Dipping into these time-worn records of the Middle Ages, with their embrowned, scarce legible type and their antiquated phraseology, one comes at last to realise how very little the old bee-masters actually understood of the true ways of the honey-bee, or, indeed, of any real essential in bee-craft. And yet the production of honey and wax must have been an industry very largely developed in those days. Somehow or other, in spite of archaic theories and useless interference in the work of their hives, these people must have contrived to supply a market of whose magnitude we can nowadays form little conception. The trade in wax alone must have been a very large one, for, except in the poorest tenements, this formed the only available source of artificial light. And honey was in much more universal demand than it is now, because cane-sugar could hardly have developed into a serious rival as a sweetening agent among the masses at a time when it stood, perhaps, at two shillings a pound.

But in speculations of this kind, it must be borne in mind that, although the men who wrote about bees displayed so picturesque an ignorance in all matters appertaining to their charges, these formed a very small minority among the bee-keepers as a whole. Probably the bulk of the supply in honey and wax came from bee-gardens, whose owners neither knew nor cared anything about books, and were concerned only in the practical side of the work, where their knowledge, hereditary for the most part, amply sufficed for the part they played in it.

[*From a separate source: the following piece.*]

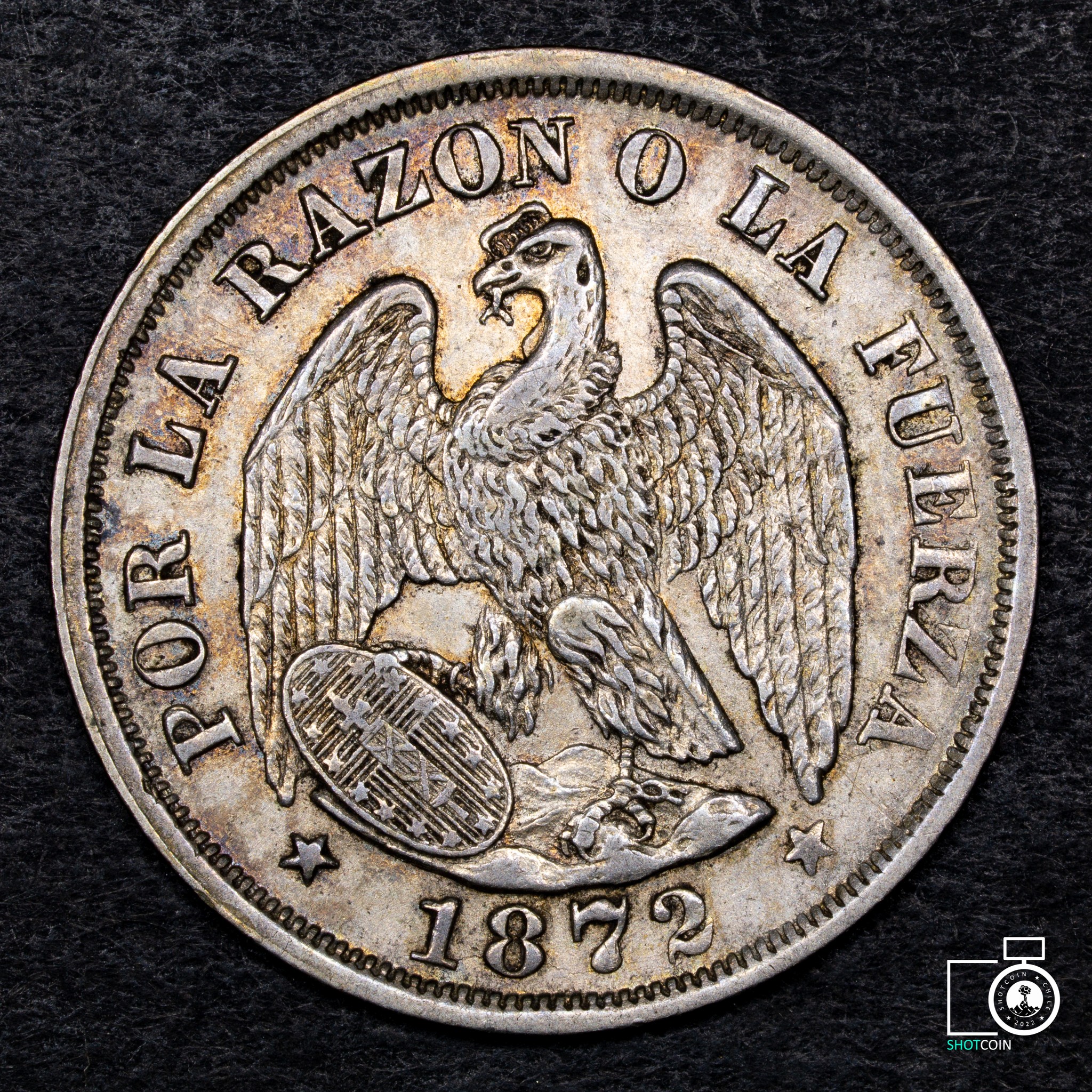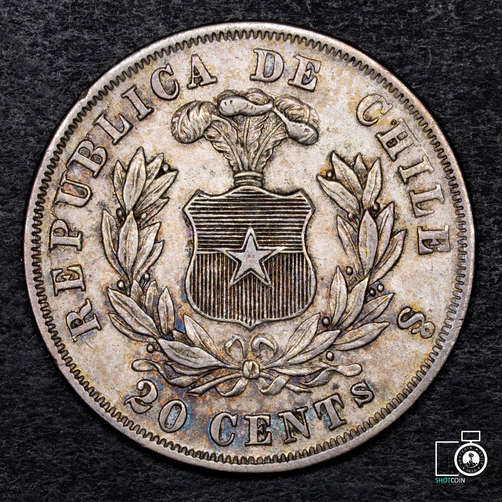 Chile, 20 Centavos 1872, linda tonificación
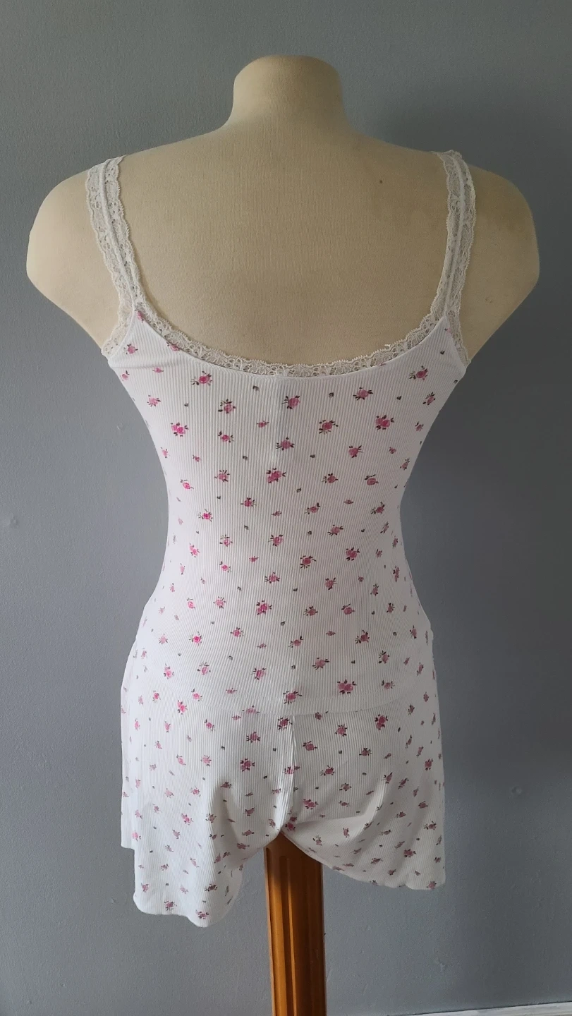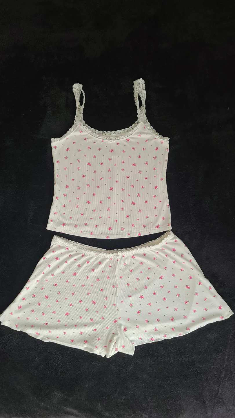 The cami is a medium (fits 8-10 or 29-31" waist) and the shorts are a size large (fits 12-14 or 42-44" hips).

Moreover, it is only in latter-day, scientific apiculture that the work of the bee-master counts to any great extent. Nowadays, under the light of twentieth-century knowledge, this is competent to bring about the doubling, and even trebling, of the honey-harvest possible under the ancient methods. But the old skeppists did, and could do, little more than look on at the work of their bees, and here and there put a scarce availing hand to it. Nearly all the credit for the results achieved in those days must be given to the bees themselves, who, untold ages before, had brought to finite perfection their remarkable systems and policies. In all likelihood the bee-masters, the practical men who owned the hives, had much the same shrewd faculty of leaving things alone in far-off times as we observe among the skeppists of the last generation. In many ways, what they did at last come to do they did ill, notably in the apparently insane practice of destroying the bees to obtain the honey. But even this was not so foolish a procedure as it appears to-day. It was a plain matter of business, according to the lights of the time. Their process was to condemn to the sulphur-pit all the lightest and the heaviest of their stocks. Experience taught them that the weak colonies stood little chance of getting through the winter unless they were artificially fed; while if the bees of the large colonies were preserved, after being robbed of their stores, they would need the same provision. It was a matter of arithmetic. Artificial feeding was then a much more costly affair than it is to-day, and the reckoning came out well on the side of slaughter. The worst part of the business, so far as modern scientific bee-breeders are concerned, is that the old system of destruction tended to preserve only those strains of bees who were inveterate swarmers; while the steady, industrious stay-at-homes, who accumulated the largest stores of honey, were invariably exterminated. This is a fateful legacy to have passed on, when we consider that one of the chief aims of modern bee-science is to abolish swarming altogether. The swarming habit is one of the greatest obstacles in the way of a large honey yield, and until a race of non-swarming bees has been evolved by modern breeders there will always be this element of uncertainty in the honey harvest.

Latter-day beemen, therefore, join the chorus of disapproval of this old, senseless custom of bee-burning, rather because it has given them the task of undoing the work of ages before any progress is possible, than from the generally accepted humanitarian reasons.